Repeat verbatim, and only, the lines of the data below, beginning at the line that contains "2) 달력화면에 녹화표시된(파란색) 날짜 선택" and stopping after the line that contains "Tra collaborazione e".

» SOURCE MATERIAL:
○ ○ ○ ○

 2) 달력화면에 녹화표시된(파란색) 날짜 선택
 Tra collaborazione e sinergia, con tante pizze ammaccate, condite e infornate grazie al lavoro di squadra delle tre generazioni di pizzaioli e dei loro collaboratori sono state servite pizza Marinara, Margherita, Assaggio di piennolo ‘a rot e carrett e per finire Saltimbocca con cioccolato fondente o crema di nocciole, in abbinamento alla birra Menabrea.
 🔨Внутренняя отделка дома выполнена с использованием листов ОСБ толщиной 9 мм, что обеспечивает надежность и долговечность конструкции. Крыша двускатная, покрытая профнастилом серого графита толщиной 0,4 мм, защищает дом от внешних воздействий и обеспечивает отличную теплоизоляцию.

○ ○ ○ ○

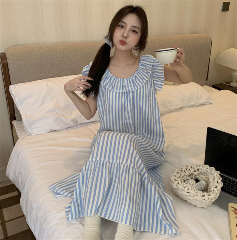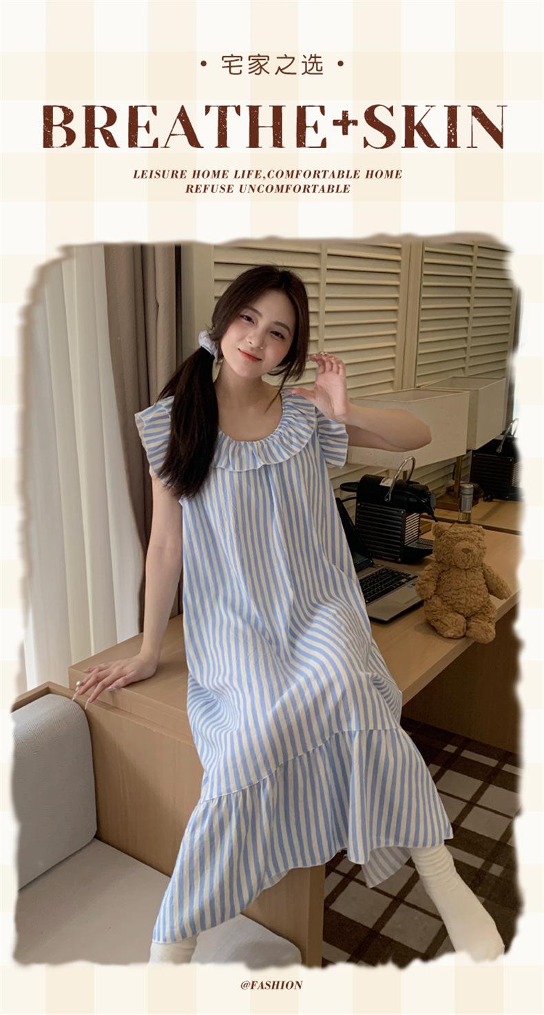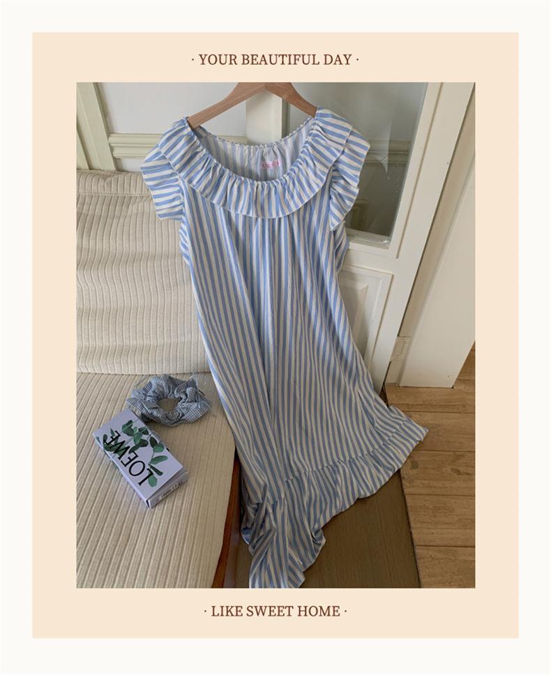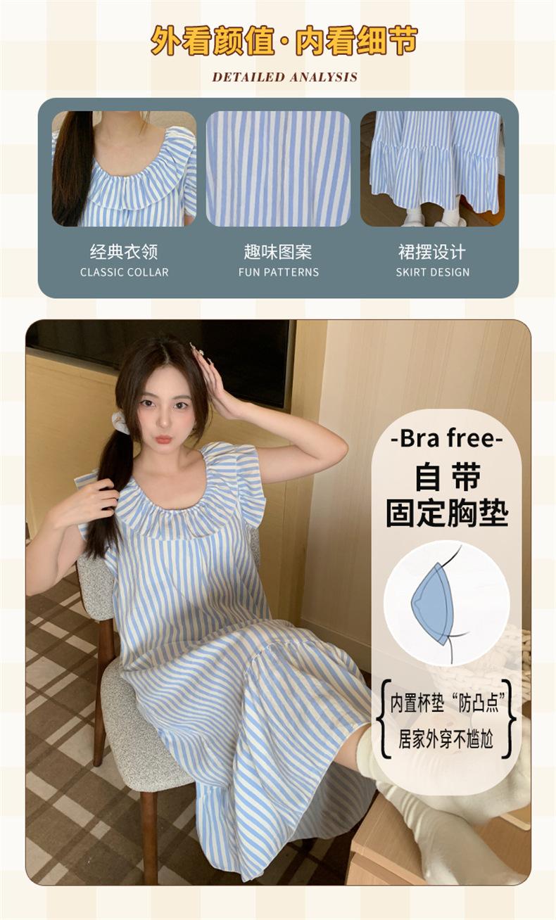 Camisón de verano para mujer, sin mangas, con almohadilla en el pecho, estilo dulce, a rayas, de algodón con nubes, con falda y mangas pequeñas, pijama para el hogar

○ ○ ○ ○

» PROBLEM SOLUTION:
 2) 달력화면에 녹화표시된(파란색) 날짜 선택
 Tra collaborazione e sinergia, con tante pizze ammaccate, condite e infornate grazie al lavoro di squadra delle tre generazioni di pizzaioli e dei loro collaboratori sono state servite pizza Marinara, Margherita, Assaggio di piennolo ‘a rot e carrett e per finire Saltimbocca con cioccolato fondente o crema di nocciole, in abbinamento alla birra Menabrea.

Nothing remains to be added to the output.